### Assignment
For the material below, reproduce exactly each line from the one that has "I praise God for using" through the one that has "Bei meinen Aufstellungen", and no others; pictures stay out.

◇ ◇ ◇ ◇ ◇

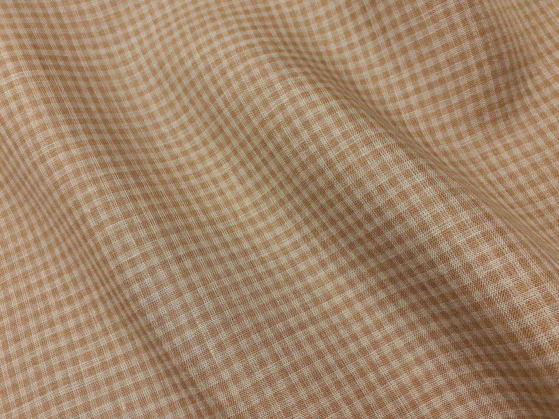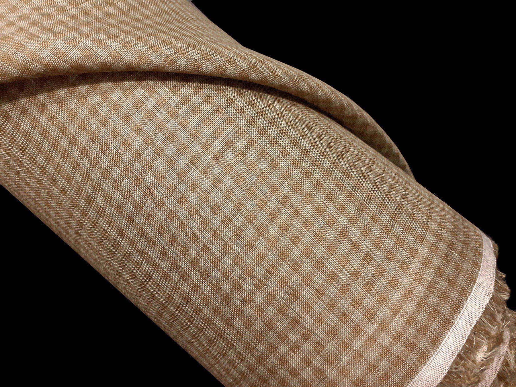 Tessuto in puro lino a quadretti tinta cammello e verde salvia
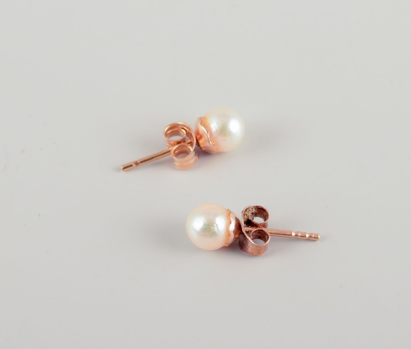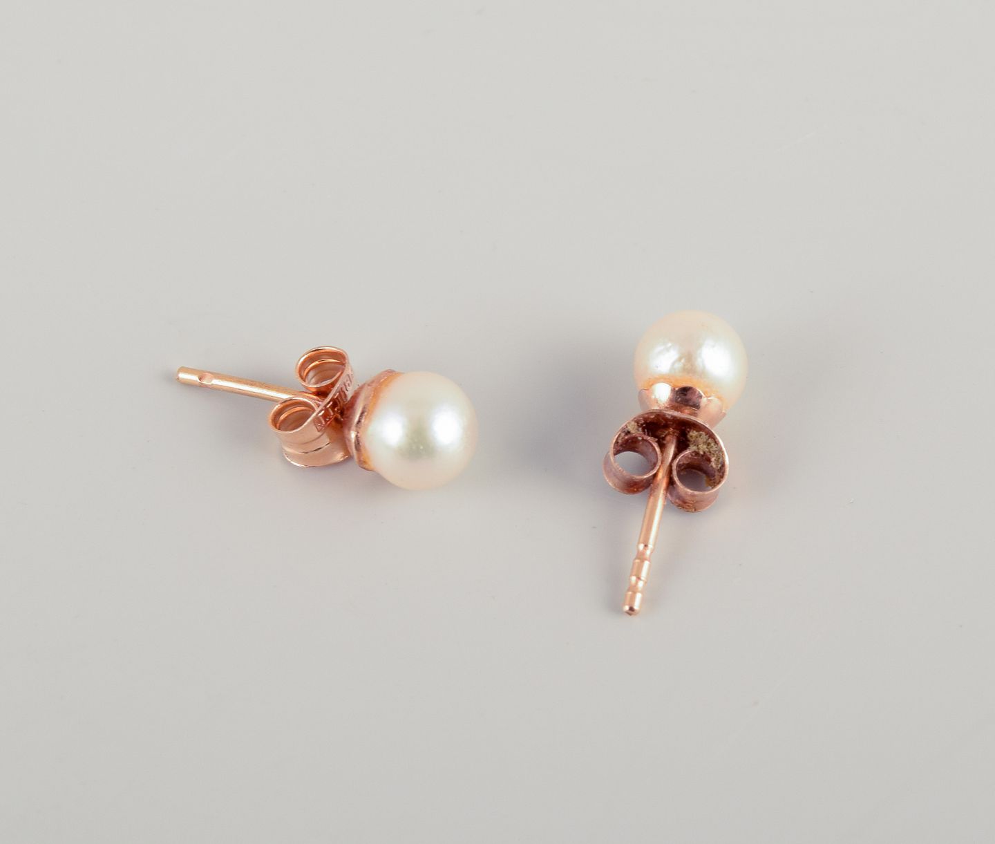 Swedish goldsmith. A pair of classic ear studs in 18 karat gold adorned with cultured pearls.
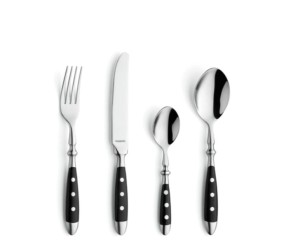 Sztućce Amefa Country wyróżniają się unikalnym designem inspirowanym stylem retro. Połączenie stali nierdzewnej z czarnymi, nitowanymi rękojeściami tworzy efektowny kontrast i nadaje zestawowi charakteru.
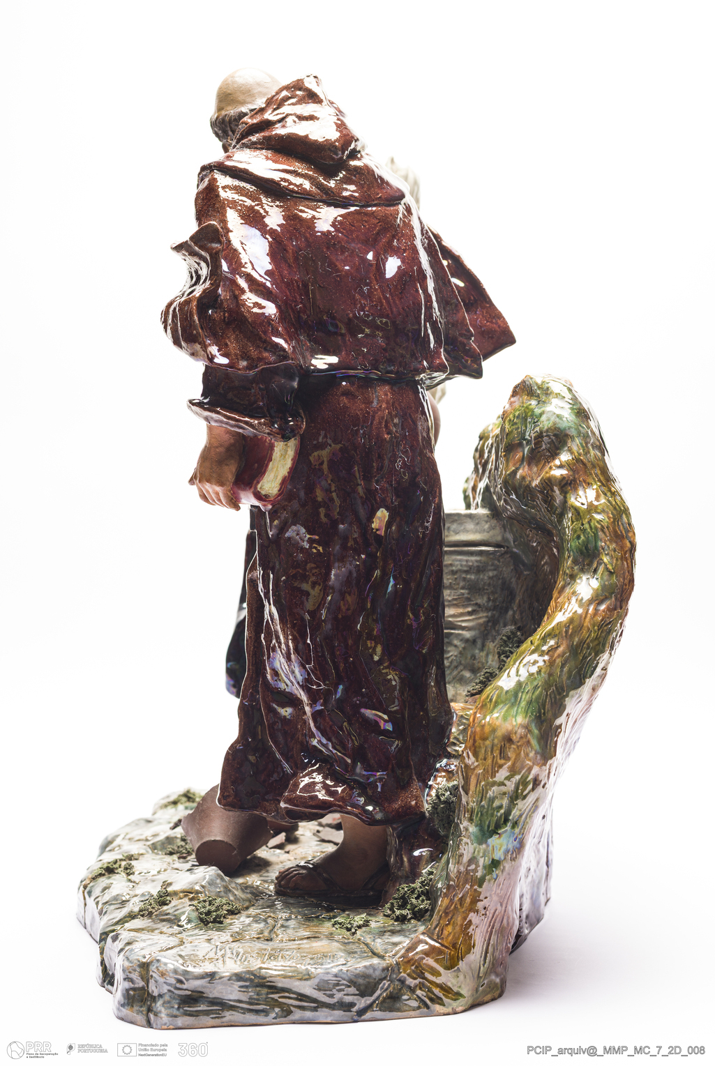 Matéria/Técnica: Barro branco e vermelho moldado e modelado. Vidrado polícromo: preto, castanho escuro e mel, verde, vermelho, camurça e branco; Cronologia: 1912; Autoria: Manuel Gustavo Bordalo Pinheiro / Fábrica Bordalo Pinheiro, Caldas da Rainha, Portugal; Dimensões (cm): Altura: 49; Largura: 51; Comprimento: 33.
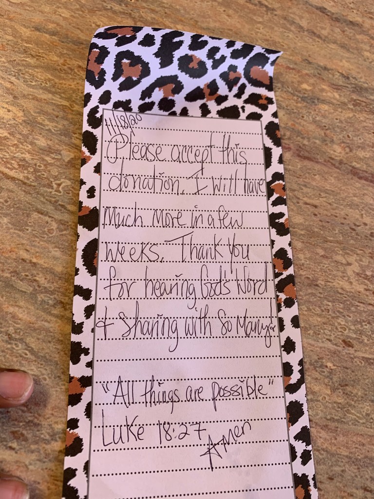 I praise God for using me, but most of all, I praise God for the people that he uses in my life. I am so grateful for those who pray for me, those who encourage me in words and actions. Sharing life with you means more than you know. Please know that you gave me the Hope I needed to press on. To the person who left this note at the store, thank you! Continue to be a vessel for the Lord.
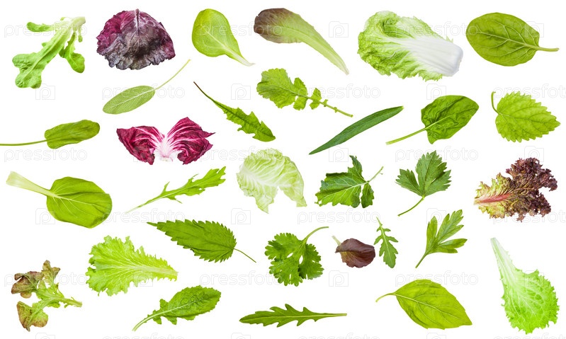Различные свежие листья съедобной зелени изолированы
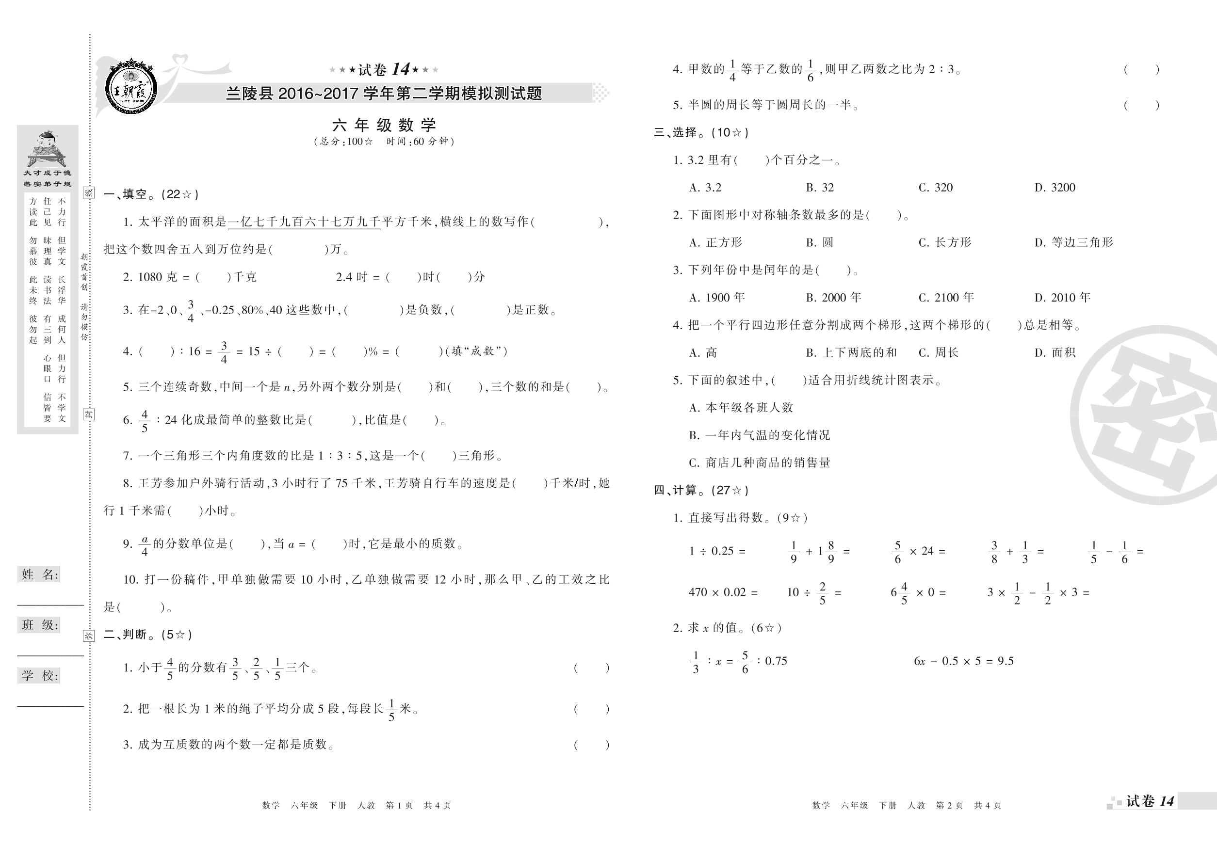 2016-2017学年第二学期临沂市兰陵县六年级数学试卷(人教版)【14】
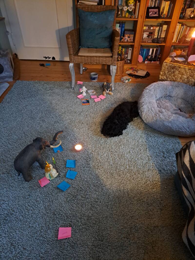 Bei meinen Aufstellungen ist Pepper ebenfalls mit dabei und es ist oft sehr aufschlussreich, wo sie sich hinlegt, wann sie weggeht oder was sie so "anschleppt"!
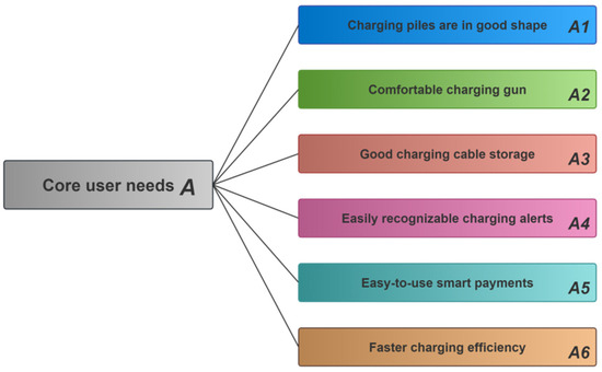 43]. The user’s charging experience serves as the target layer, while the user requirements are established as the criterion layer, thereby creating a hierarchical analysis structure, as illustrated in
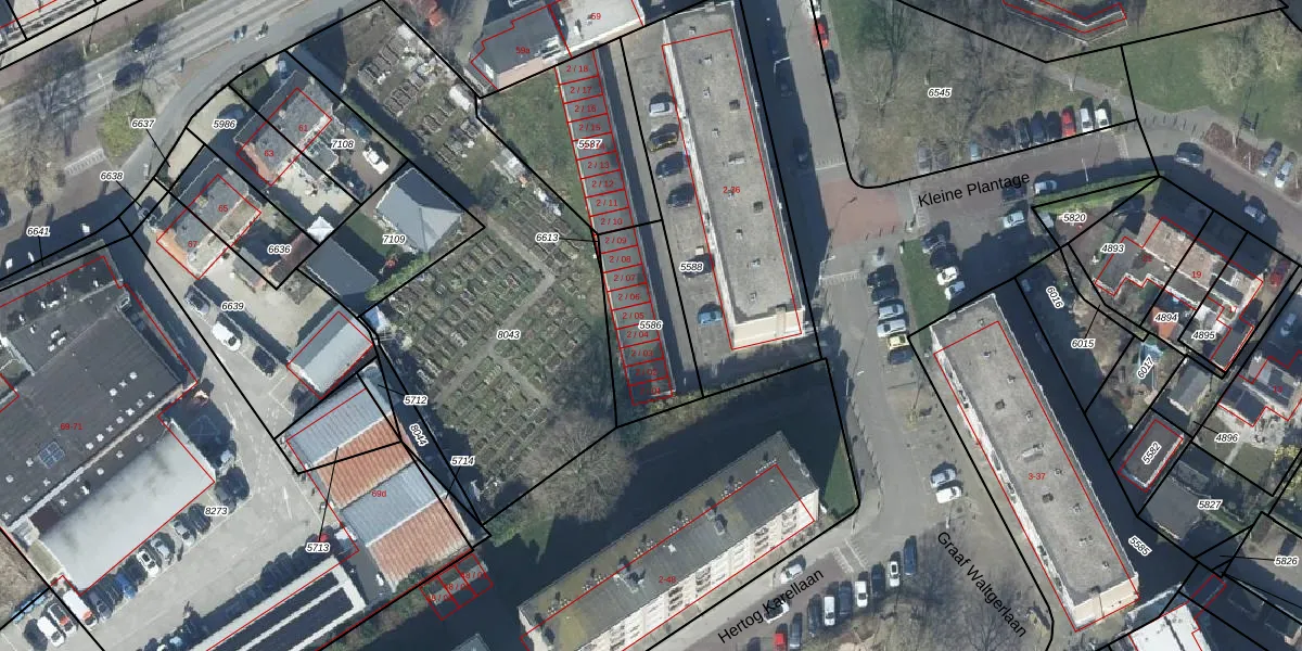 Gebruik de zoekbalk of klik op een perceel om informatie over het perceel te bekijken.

◇ ◇ ◇ ◇ ◇

### Exercise answer
 I praise God for using me, but most of all, I praise God for the people that he uses in my life. I am so grateful for those who pray for me, those who encourage me in words and actions. Sharing life with you means more than you know. Please know that you gave me the Hope I needed to press on. To the person who left this note at the store, thank you! Continue to be a vessel for the Lord.
Различные свежие листья съедобной зелени изолированы
 2016-2017学年第二学期临沂市兰陵县六年级数学试卷(人教版)【14】
 Bei meinen Aufstellungen ist Pepper ebenfalls mit dabei und es ist oft sehr aufschlussreich, wo sie sich hinlegt, wann sie weggeht oder was sie so "anschleppt"!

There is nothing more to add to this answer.